Da questi territori nascono le famiglie che storicamente hanno dominato il mondo…

Esattamente. È a cavallo tra il Medioevo e il Rinascimento che si fanno strada anche fuori dall’Italia, basti pensare al periodo fiorentino o a quello genovese dei grandi banchieri e mercanti, da cui nasce il capitalismo moderno. È la storia delle “Città Stato” che nascono anche per l’assenza di uno Stato centrale forte. Qui si trovano le origini del Made in Italy che ancora oggi è un nostro vanto nazionale.

Da comunicatore, però, osservo una mancanza nel racconto puntuale di questo Made in Italy dei territori.

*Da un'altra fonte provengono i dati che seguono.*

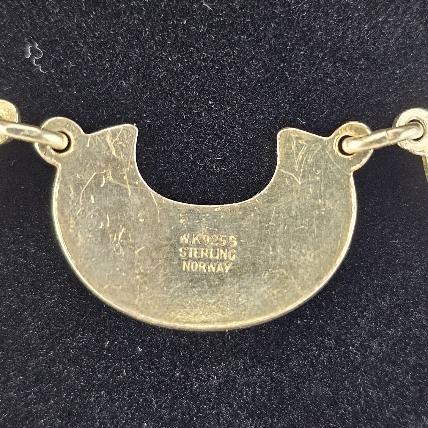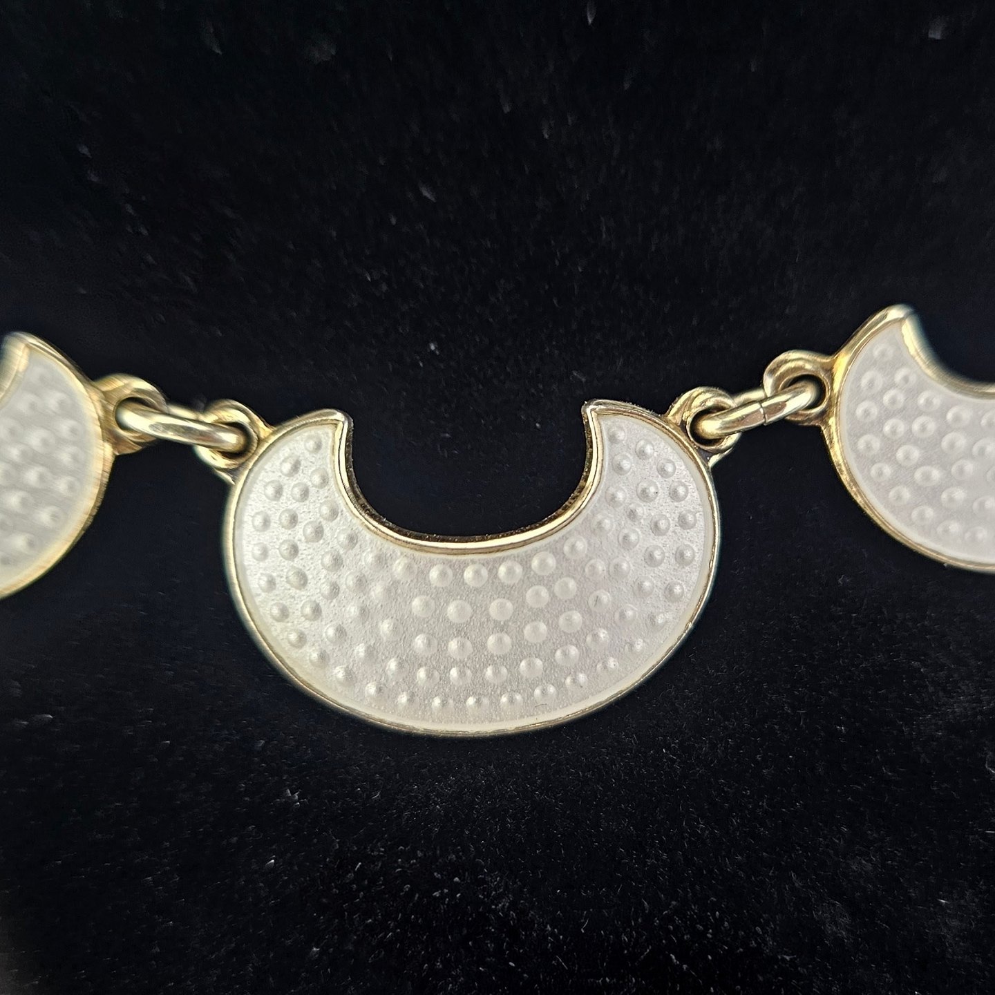 Halskæde i forgyldt sterling sølv med halvmåneformede vedhæng dekoreret med hvid emalje
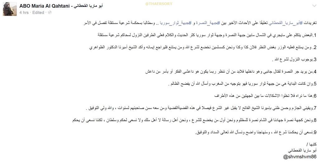 من جانب آخر، هاجمت "جبهة النصرة" مقرات "جبهة ثوار سوريا" في منطقة سهل الروج وبلدة حفسرجة وقتلت القيادي قصي محمد الأحمد وشقيقه، وذكرت مصادر أن ن اغتيال الشرعي في "جبهة النصرة" أبو مشاري الأردني فجر المواجهات بين الطرفين مشيرة إلى أن التوتر بينهما يعود إلى أشهر سابقة عندما سيطرت "النصرة" على مقرات "لواء ذئاب الغاب" في منطقة دركوش.
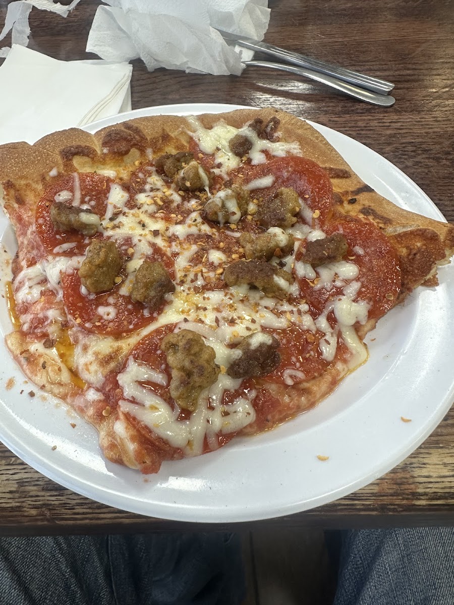 Had a slice with sausage x pepperoni. It was delicious..Came in on Dec. 2nd 2025 around 1:25pm
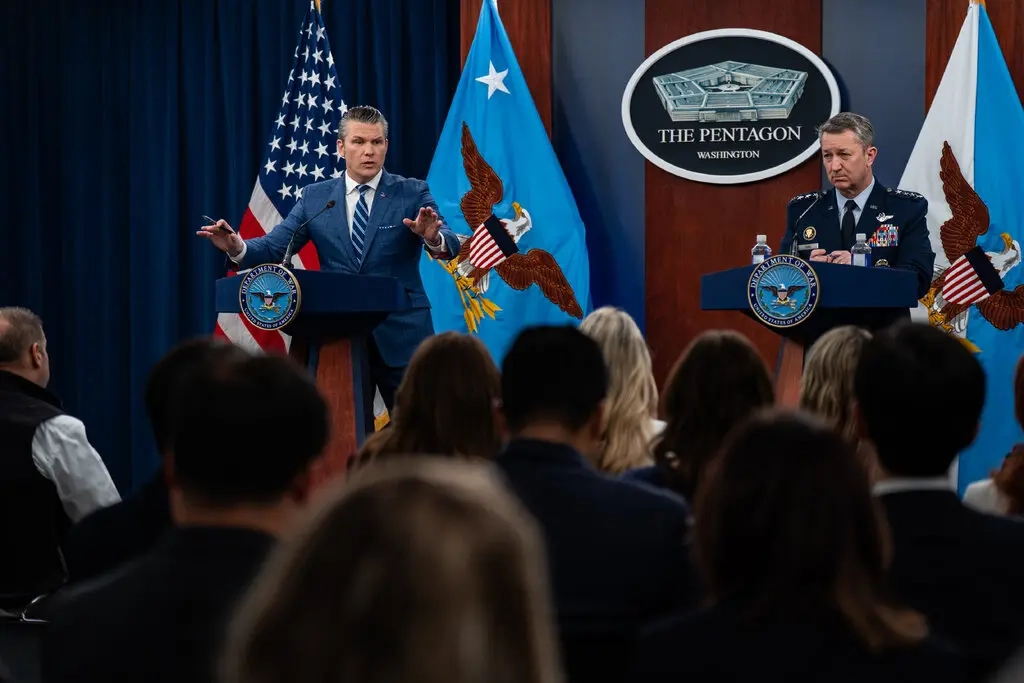 أثناء وصفهما لحالة العداء مع إيران يوم الأربعاء، اتخذ كلٌّ من وزير الحرب الأمريكي بيت هيجسيث ورئيس هيئة الأركان المشتركة الجنرال دان كين لهجات مختلفة. ووفق ما ذكرت صحيفة "واشنطن بوست"، وصف الأول الصراع في الغالب بصيغة الماضي، بينما بدا الجنرال غير راغب في استخدام مثل هذه المصطلحات المطلقة، وترك الب...
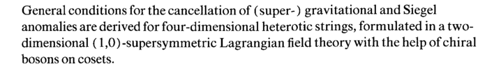 General conditions for the cancellation of (super-) gravitational and Siegel anomalies are derived for four-dimensional heterotic strings, formulated in a two-dimensional (l,0)-supersymmetric Lagrangian field theory with the help of chiral bosons on cosets.
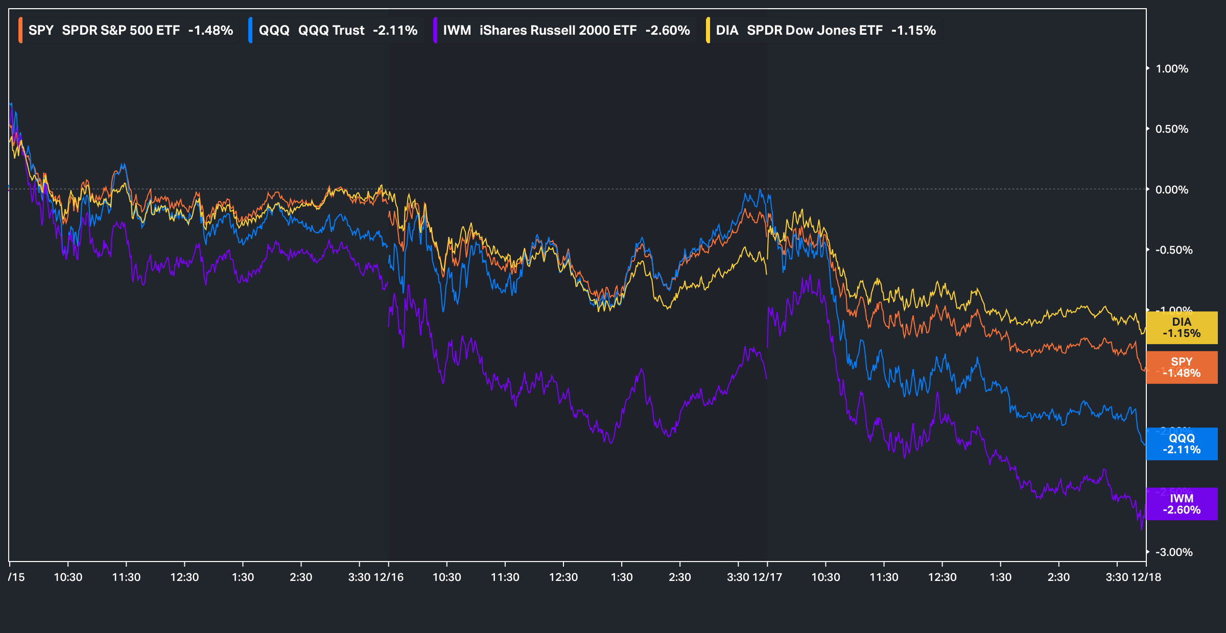 With the recent unwind in Beta / Lack of demand for risk-assets & the general jitters surrounding the entire AI-complex, Small-caps & the Q’s have been the worst performing of the indices, respectively down 260bps (IWM) & 211bps (QQQ) on the week, whereas the Dow has been the ‘best’ performing of the indices although still sits lower by 115bps on the week.
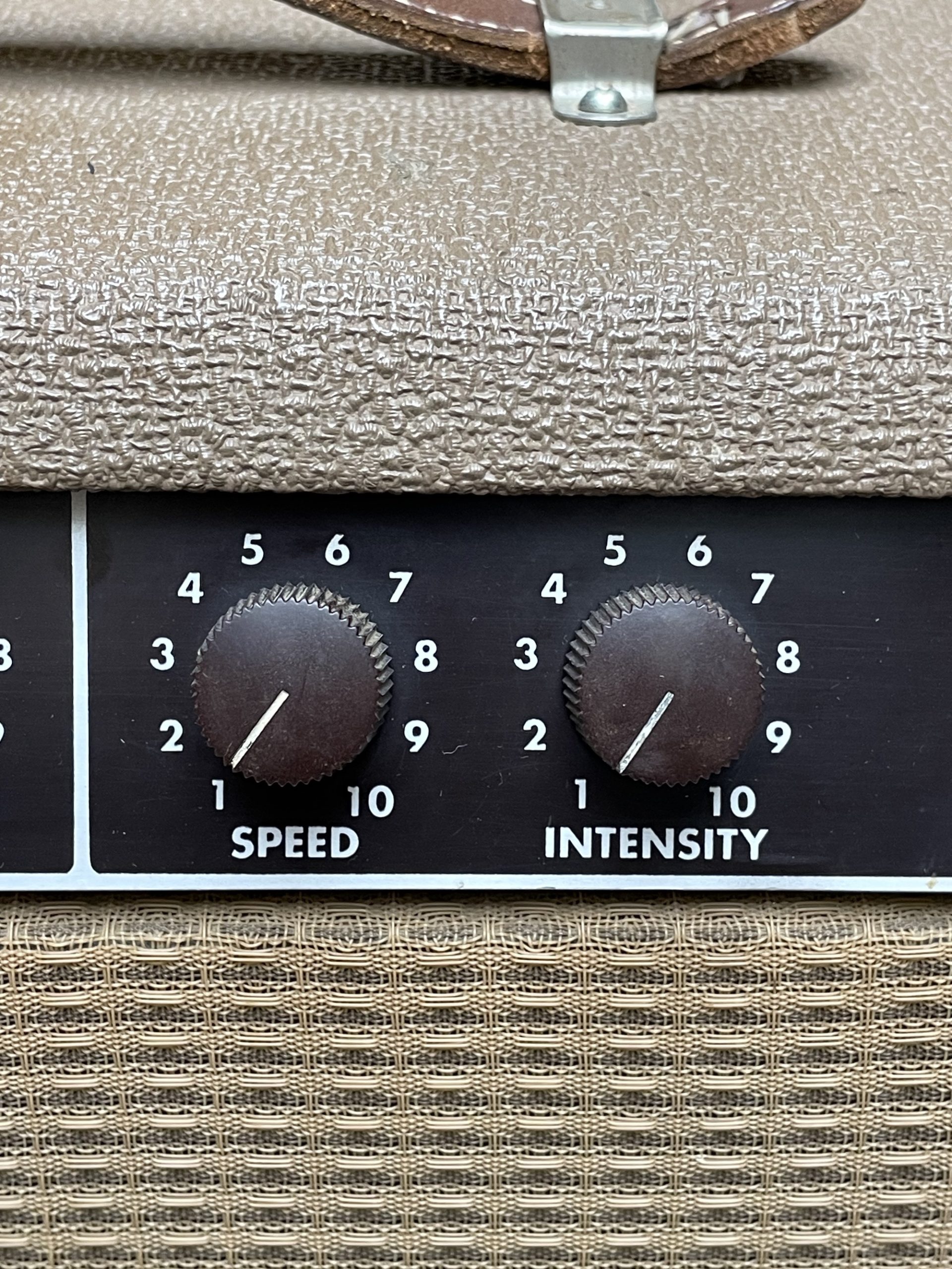 Modèle 110V, vendu avec un transformateur de tension externe ainsi qu’une housse de protection. Footswitch non-original inclus pour commuter le tremolo.
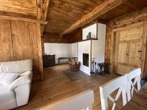 Das Wohnzimmer bietet einen bequemen Sitzbereich. Eine angenehme Atmosphäre wird durch einen Holzofen ergänzt.

Non crede?

Nel nostro immaginario la manifattura nazionale viene concepita solo in termini di design, moda ed enogastronomia, proprio perché questi settori hanno saputo meglio raccontarsi anche risalendo a epoche rinascimentali. Ma noi primeggiamo pure nella microelettronica, nella meccanica e nell’economia circolare. Abbiamo numeri di assoluto primato, che nella ricerca raccontiamo nel dettaglio, come per esempio quello del distretto di Sassuolo, dove viene prodotto il 20% delle ceramiche mondiali e l’80% di quelle nazionali. Questi distretti sono un esempio di imprenditorialità diffusa su cui si innesta una qualità degli imprenditori, dei lavoratori e del contesto generale che li circonda.